[Records from a dataset]

════════

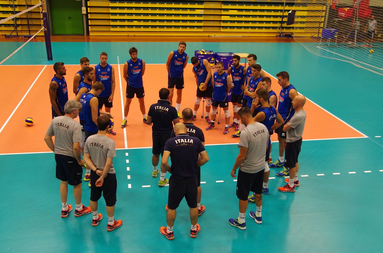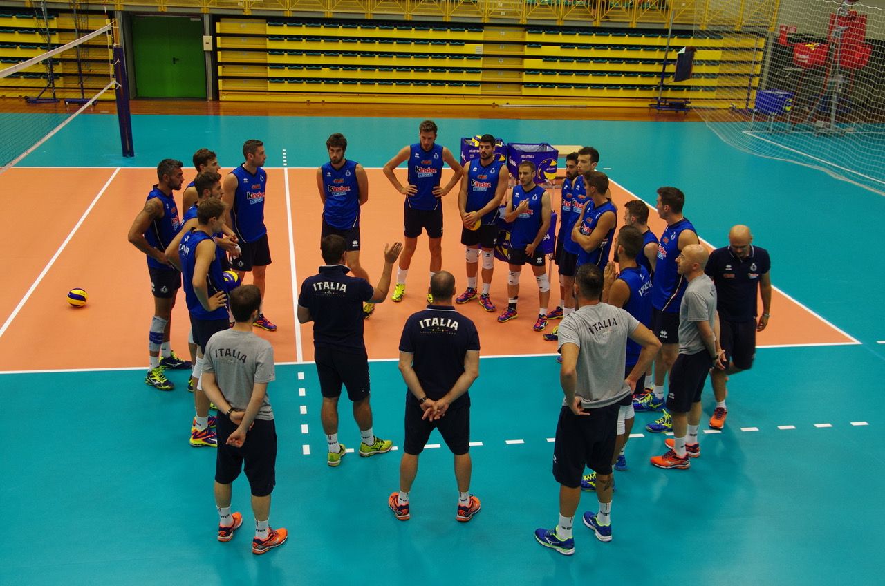 I sedici convocati per questo collegiale sono gli alzatori Simone Giannelli (Diatec Trentino) e Luca Spirito (Bunge Ravenna); gli attaccanti Giulio Sabbi (Exprivia Molfetta), Luca Vettori (Azimut Modena), Ivan Zaytsev (Sir Safety Conad Perugia), Oleg Antonov (Diatec Trentino), Filippo Lanza (Diatec Trentino), Luigi Randazzo (Calzedonia Verona), Iacopo Botto (Gi Group Monza) e Tiziano Mazzone (Diatec Trentino); i centrali Matteo Piano (Azimut Modena), Davide Candellaro (Cucine Lube Civitanova), Fabio Ricci (Bunge Ravenna) e Daniele Mazzone (Diatec Trentino); i liberi Massimo Colaci (Diatec Trentino) e Fabio Balaso (Kioene Padova). Rispetto all'organico utilizzato nel corso della World League sono assenti Simone Buti e Luca Pesaresi a cui il CT ha preferito dare qualche giorno di riposo in più.
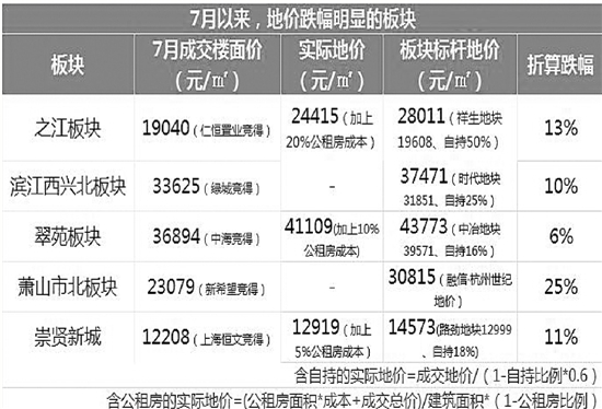 7月以来,“推地潮”开启,无论是主城区、萧山还是余杭,众多热门板块的地价相比之前,均呈现出不同程度的下跌。
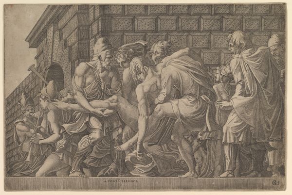 This print, titled "The Calumny of Apelles," presents a dense narrative scene filled with symbolic figures. On the left, we see Ignorance and Suspicion, whispering into the ear of King Midas, who sits in judgment. Calumny, or slander, drags a young man by the hair towards the king, accompanied by Deceit and Fraud. Behind them follows Repentance, looking back at Truth who is approaching. This story echoes through time. The motif of unjust accusation and the struggle for truth appears in numerous guises across cultures, from ancient Greek tragedies to Renaissance allegories. Consider the figure of Calumny herself – her frenzied energy and destructive force resemble the Furies of classical mythology, embodiments of vengeance and psychological torment. The emotional intensity conveyed through such figures reflects a deep-seated human fear of injustice and the chaotic power of rumor, engaging viewers on a subconscious level. This allegory of Apelles, passed down through history, reminds us of the cyclical nature of human experience, where timeless themes resurface, evolve, and find new expression across generations.
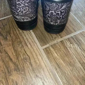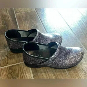 Women’s dansko clogs silver tooled floral
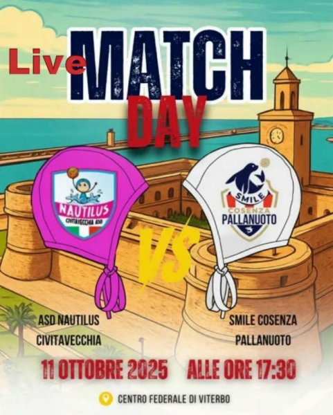 La partita si disputerà presso la piscina comunale di Civitavecchia, con fischio d’inizio previsto nel pomeriggio. La Smile Cosenza Pallanuoto invita tutti i sostenitori a seguire e supportare la squadra anche da lontano, attraverso i canali ufficiali.
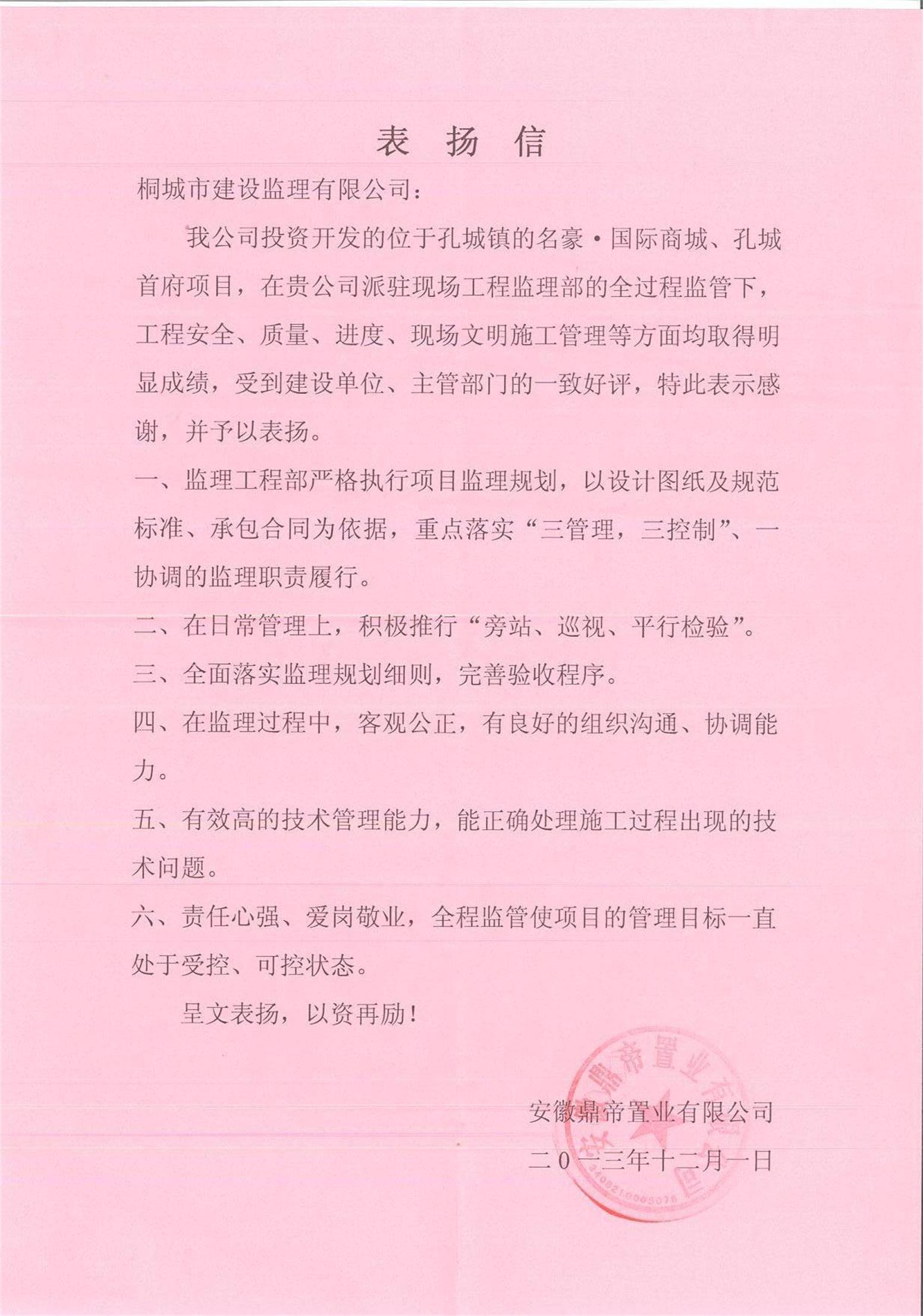 安徽鼎帝置业向我公司赠送锦旗和感谢信
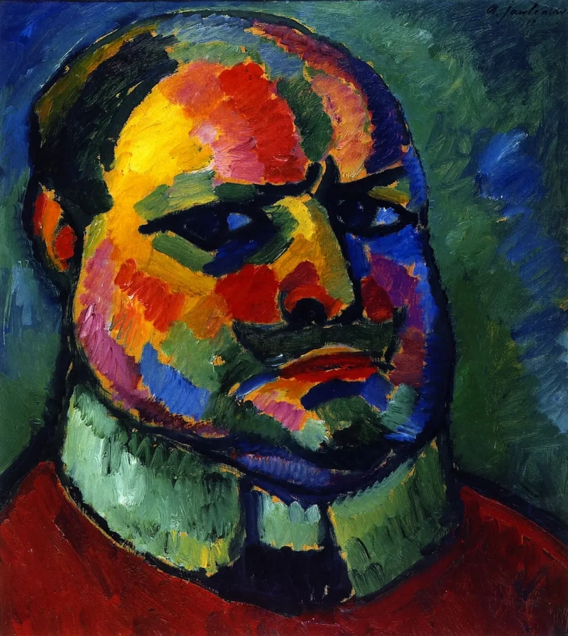 Цветовой акцент в экспрессионизме часто направлен на выделение деталей, имеющих психологическое значение. Например, ярко-красный нос или синева под глазами могут говорить о болезни, зависимости или тревоге. В этих автопортретах цветовые пятна становятся средствами психологического анализа. И у Явленского, и у Верёвкиной цвет выходит за рамки натурного, приобретая символическое значение. У Явленского лицо передано через насыщенные и неестественные оттенки — фиолетовый, зелёный, охру — создающие эффект внутренней сдержанности и духовного напряжения. У Верёвкиной цвет более разрежен, но так же несёт в себе экспрессию: красные и синие акценты тревожат, разрушая привычную структуру лица. В обоих случаях цвет не описывает внешность, а транслирует характер, эмоцию, состояние — почти как диагноз.
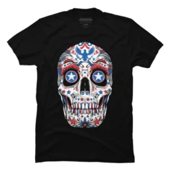 Men’s Design By Humans July 4th American Sugar Skull By T-Shirt
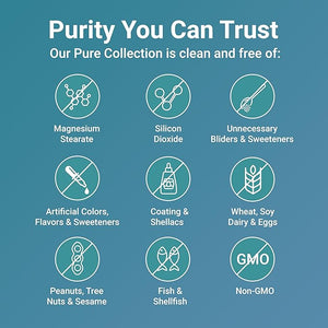 Suplementos premium del complejo B sin OGM. Fabricado sin rellenos, soja, lácteos, gluten, pescado, mariscos, cacahuetes y nueces de árbol. Los ingredientes deben pasar nuestras pruebas de laboratorio de terceros para garantizar un producto seguro, puro y potente.
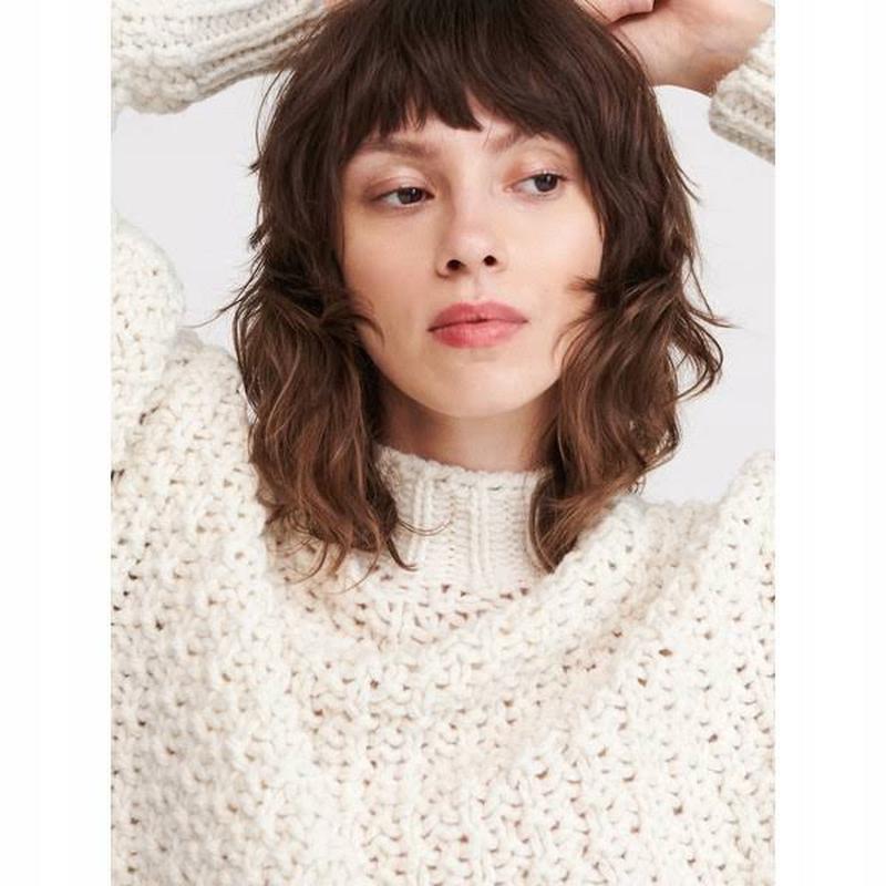 надет пару раз Пуловер свободного кроя из мягкого трикотажа. – высокая горловина – горловина, низ и манжеты оформлены резинкой – спущенный плечевой шов – трикотажное полотно крупной вязки : 90% АКРИЛ, 10% ПОЛИАМИД
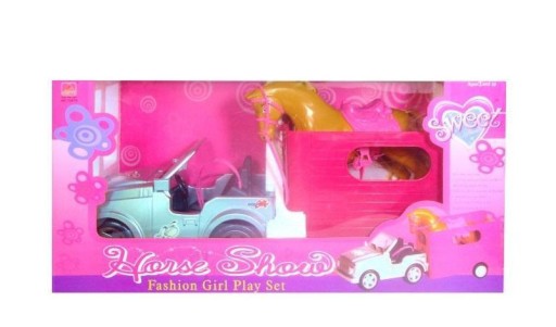Auto z przyczepą i koniem

════════

Leave out the images and write out the lines above exactly, from the one with "Цветовой акцент в" up to and including the one with "Suplementos premium del".

Solution to this task -
 Цветовой акцент в экспрессионизме часто направлен на выделение деталей, имеющих психологическое значение. Например, ярко-красный нос или синева под глазами могут говорить о болезни, зависимости или тревоге. В этих автопортретах цветовые пятна становятся средствами психологического анализа. И у Явленского, и у Верёвкиной цвет выходит за рамки натурного, приобретая символическое значение. У Явленского лицо передано через насыщенные и неестественные оттенки — фиолетовый, зелёный, охру — создающие эффект внутренней сдержанности и духовного напряжения. У Верёвкиной цвет более разрежен, но так же несёт в себе экспрессию: красные и синие акценты тревожат, разрушая привычную структуру лица. В обоих случаях цвет не описывает внешность, а транслирует характер, эмоцию, состояние — почти как диагноз.
 Men’s Design By Humans July 4th American Sugar Skull By T-Shirt
 Suplementos premium del complejo B sin OGM. Fabricado sin rellenos, soja, lácteos, gluten, pescado, mariscos, cacahuetes y nueces de árbol. Los ingredientes deben pasar nuestras pruebas de laboratorio de terceros para garantizar un producto seguro, puro y potente.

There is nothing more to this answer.